Apesar de o próprio Temer ter declarado mais cedo ao Broadcast Político que Meirelles vai se filiar ao MDB e deixar a Fazenda em abril, o ministro disse que essa ainda não era a "posição oficial". "O ministro Meirelles é um grande quadro, obviamente sua filiação enriqueceria o MDB. É um nome que tem disposição para participar da próxima eleição, as tratativas estão evoluindo bem, mas ainda não temos condições de fazer afirmações peremptórias em relação a sua decisão final", disse.

O ministro afirmou que o MDB começa a se mobilizar para estabelecer uma candidatura do governo e disse desconhecer a negociação para uma chapa puro sangue com Temer e Meirelles. "Tanto Temer como Meirelles são adequados e avaliados com otimismo pelo MDB", afirmou.

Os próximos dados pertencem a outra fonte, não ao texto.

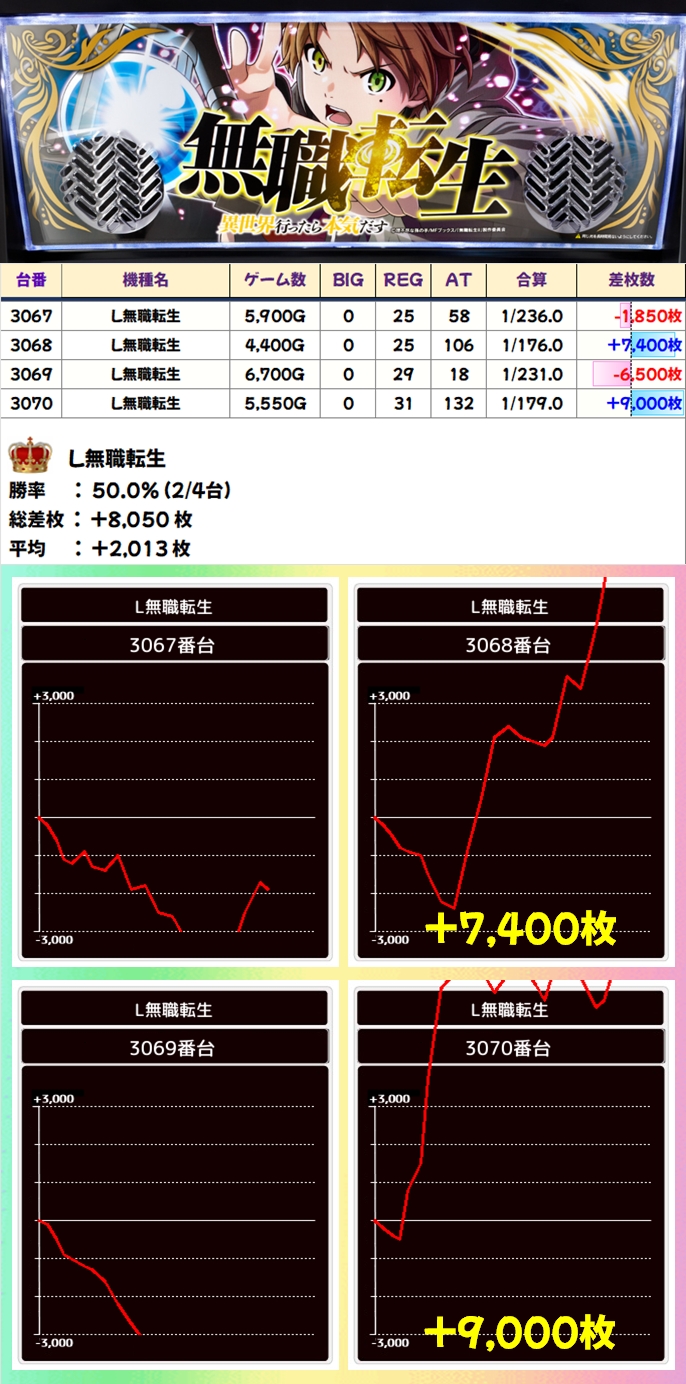 また、オススメ機種以外にも仕掛けを確認でき、3Fに設置されている戦国乙女4と無職転生が1/2系濃厚の結果になっていました。こちらの2機種は悪番対策で仕掛けの対象になった可能性が高そうですね。

Para Marun, caso Meirelles se filie ao MDB, não deve haver resistência de partidos coligados, pois no período eleitoral as siglas passam a agir com unidade. "Assim sendo se o conjunto de partidos que vier a apoiar a candidatura de governo entender que os dois melhores quadros sejam no mesmo partido (não há problema)", disse.

Sobre a saída do ministro da Fazenda, Marun disse que "talvez" Meirelles tenha confirmado ao presidente Temer. "Todavia não é o que temos hoje de forma oficial. Temos hoje que as conversas estão avançadas e conduzidas pelo próprio presidente da República", reforçou o ministro, ressaltando que não tem participado das conversas que estão ocorrendo entre o presidente e Meirelles.

 

REFORMA MINISTERIAL ​

Marun disse ainda que não há definição sobre substitutos para os ministérios que perderão seus comandos por conta da descompatibilização e reiterou que, no caso da Fazenda, o ministro Meirelles será ouvido. "A Fazenda é conduzida por equipe qualificada e que continuará trabalhando pelo Brasil", afirmou. "Tratativas sobre futuro ocupante da Fazenda são conduzidas pelo presidente e por Meirelles."

Segundo Marun, não há nenhum nome definido para substituições de ministros que disputarão as eleições. "Não acredito que soluções definitivas sejam tomadas nesta semana e a montagem final de ministérios deve ficar para a semana que vem", avaliou.

Sobre a possibilidade de Gilberto Occhi deixar a Caixa e comandar o ministério da Saúde no lugar de Ricardo Barros, Marun afirmou que o nome de Occhi é visto com respeito, mas é um dos nomes que está sendo apresentado. Segundo Marun, num primeiro momento, é possível que o governo fique com ministros interinos e que o presidente estuda uma posse coletiva para marcar esta próxima etapa do governo. "É possível."